Representing Letters in Binary (ASCII)

Because everything is represented in bits, global agreed-upon standards are needed for representing letters and characters.

Ex: 65 in decimal is equal to the letter A; or 01000001 = A

Question: How does the computer know when we mean 65 or A?

We determine the context with things like prefixes and file formats.

Problem: ASCII is quite US-centric

Solution: more global standards (see: Unicode)

Measuring Bits

Suppose we send the message: 72 73 33 ("HI!")

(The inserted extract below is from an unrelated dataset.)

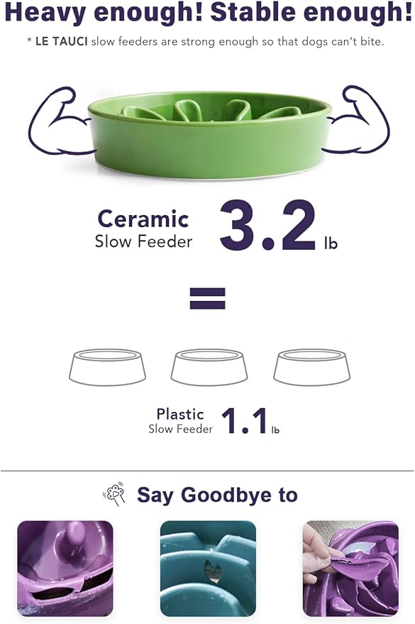 - Premium Ceramic, Durable and Stable: We use premium ceramic, not easy to damage, and it is sturdy and heavy enough to be more stable. However, if your dog is using a slow feeder bowl for the first time, we recommend starting with a silicone bowl to help them get used to it.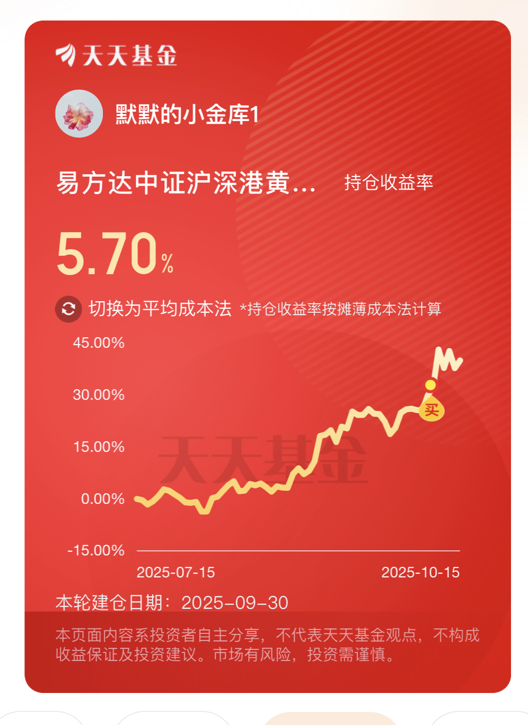 近期黄金行情持续走热,我持有的$易方达中证沪深港黄金产业股票指数发起式C(OTCFUND|021363)$表现尤为亮眼:今天上涨1.62%,近三个月涨幅39.69%,上车后走势稳涨,持有体验相当顺滑,目前收益率5.70%。这产品堪称金价的放大器,弹性比实物黄金更足,上涨空间也更可观。

Suppose each char is represented with 8 bits, that’s 24 bits to send one message

However, bits are pretty small (physically and mathematically), so we don’t usually measure things in bits

Byte: 8 bits
- The biggest number we can store in a byte is 255 (11111111)

Unicode

256 different unique values for a byte works for English ASCII, but other global standards are needed to support other languages and things like emojis. One solution is unicode.

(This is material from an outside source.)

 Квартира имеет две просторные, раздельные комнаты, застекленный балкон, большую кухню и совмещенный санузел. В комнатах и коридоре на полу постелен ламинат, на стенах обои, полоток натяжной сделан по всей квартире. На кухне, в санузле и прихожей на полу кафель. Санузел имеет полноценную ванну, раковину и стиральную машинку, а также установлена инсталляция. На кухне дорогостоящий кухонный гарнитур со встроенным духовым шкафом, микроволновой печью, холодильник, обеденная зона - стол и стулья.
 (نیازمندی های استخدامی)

Unicode: Superset of ASCII that supports a wider variety of characters. Supports 8-bit ASCII for backwards compatibility and 16-bits for >65,000 characters and 32-bits for >4 billion characters.
- Unicode standardizes the description of characters. Manufacturers and companies and font creators and users determine how those characters are displayed.
  - Can lead to miscommunication (e.g., gun vs water gun for the same emoji)